Kerugian Diet Pritikin
Meskipun Program Pritikin memiliki banyak kualitas penebusan, ada beberapa potensi kerugian.
Menjelekkan lemak
Salah satu kelemahan utama dari Pritikin Diet adalah rekomendasinya yang rendah lemak. Diet Pritikin merekomendasikan bahwa hanya 10–15% kalori harian yang berasal dari lemak, dibandingkan dengan rekomendasi kesehatan masyarakat yang setidaknya 20–35%.
Diet rendah lemak sangat kontroversial karena sebagian besar penelitian menunjukkan manfaat lemak dalam makanan – terutama yang tinggi lemak tak jenuh.
Menariknya, sebuah studi tahun 2016 menemukan kemungkinan penyakit metabolik 27% lebih tinggi dengan diet rendah lemak yang terdiri kurang dari 15% dari total kalori harian, meskipun makan sekitar 500 kalori lebih sedikit per hari, dibandingkan dengan mereka yang makan makanan berlemak lebih tinggi.

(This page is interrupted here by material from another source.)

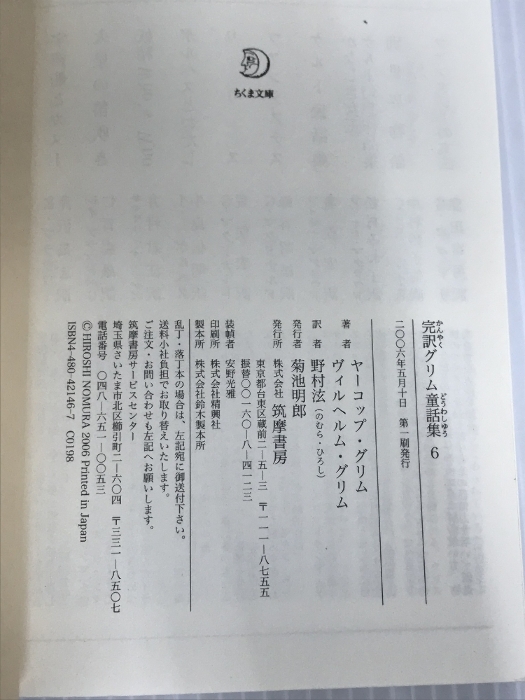 ※カバーなし。完訳グリム童話集 6 (ちくま文庫 く 5-8) 筑摩書房 ヤーコップ グリム

Hal ini mempertanyakan kesehatan Diet Pritikin, terutama karena sebagian besar studi yang tersedia tentang diet ini hanya berlangsung beberapa minggu. Oleh karena itu, diperlukan penelitian jangka panjang.
Ditambah lagi, sebagian besar penelitian menyimpulkan bahwa diet yang lebih tinggi lemak tak jenuh dan rendah makanan olahan kemungkinan akan memberikan manfaat kesehatan yang paling besar.

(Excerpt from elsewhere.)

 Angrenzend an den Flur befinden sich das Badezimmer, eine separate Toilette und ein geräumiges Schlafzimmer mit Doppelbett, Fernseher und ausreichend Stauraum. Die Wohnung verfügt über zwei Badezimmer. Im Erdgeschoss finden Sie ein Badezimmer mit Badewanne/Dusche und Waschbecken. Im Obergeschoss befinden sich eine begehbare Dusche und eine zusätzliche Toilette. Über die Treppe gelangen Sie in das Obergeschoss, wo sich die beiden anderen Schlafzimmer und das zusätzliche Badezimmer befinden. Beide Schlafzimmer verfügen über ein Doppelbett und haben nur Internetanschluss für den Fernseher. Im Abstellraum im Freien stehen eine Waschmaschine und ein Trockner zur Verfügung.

Manfaat Diet Pritikin kemungkinan besar berasal dari makan makanan olahan minimal, membatasi lemak jenuh, dan makan makanan berserat tinggi.
Terakhir, perlu dicatat bahwa diet Pritikin juga rendah protein.

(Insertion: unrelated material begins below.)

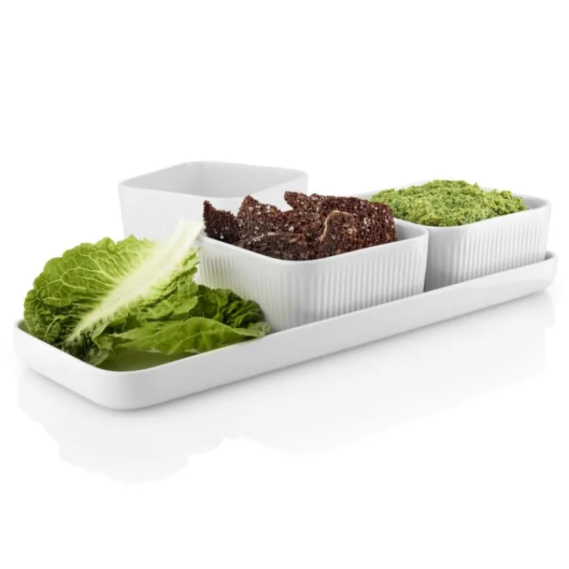 Vielseitig, praktisch und elegant – so lässt sich das Tapas-Set aus der Serie Legio Nova von Eva Solo beschreiben. Es bietet zahlreiche Möglichkeiten, leckere Kleinigkeiten, Desserts und Snacks zu servieren. Nach dem Einsatz lässt es sich platzsparend verstauen. Natürlich lassen sich die Teile auch einzeln verwenden. Das Set besteht aus einer Porzellanplatte mit den Maßen 13 x 37 cm sowie drei passenden Schälchen.

Seseorang yang mengikuti rekomendasi rendah protein untuk Pritkin Diet – 10% dari total kalori – mungkin tidak mencapai kebutuhan protein minimum 0,36 gram protein per pon (0,8 gram per kg) berat badan per hari untuk orang yang tidak banyak bergerak.
Orang yang aktif secara fisik memiliki kebutuhan protein yang lebih tinggi dan mungkin berjuang untuk mendapatkan cukup protein pada diet ini. Wanita hamil dan menyusui, serta orang dewasa yang lebih tua, juga memiliki kebutuhan protein yang lebih tinggi. Jadi, diet Pritikin mungkin tidak sesuai untuk populasi ini.
Tidak bisa diakses
Meskipun pedoman diet dan olahraga tersedia di situs web mereka, sebagian besar penelitian tentang manfaat diet telah diamati saat menghadiri Pritikin Longevity Center.
Mengingat kebanyakan orang tidak punya waktu, uang, atau kemampuan untuk menghadiri center, ini membuat program tersebut sebagian besar tidak dapat diakses.
Sulit dirawat
Diet Pritikin mencakup daftar besar makanan yang harus dihindari, termasuk banyak makanan yang biasanya dimakan setiap hari.
Ini menyisakan sedikit ruang untuk fleksibilitas, dan beberapa orang mungkin merasa diet ini sulit diikuti dalam jangka panjang. Itu juga mengabaikan aspek lain dari makan seperti tradisi, budaya, perayaan, dan kenikmatan rasa.
Perubahan gaya hidup positif paling berhasil ketika seseorang termotivasi, menemukan kesenangan dalam perilaku baru, dan percaya mereka dapat mempertahankannya dalam jangka panjang.
Mengingat banyaknya pembatasan makanan yang dipadukan dengan komitmen waktu yang besar untuk berolahraga, ini mungkin tidak memotivasi atau berkelanjutan untuk semua orang.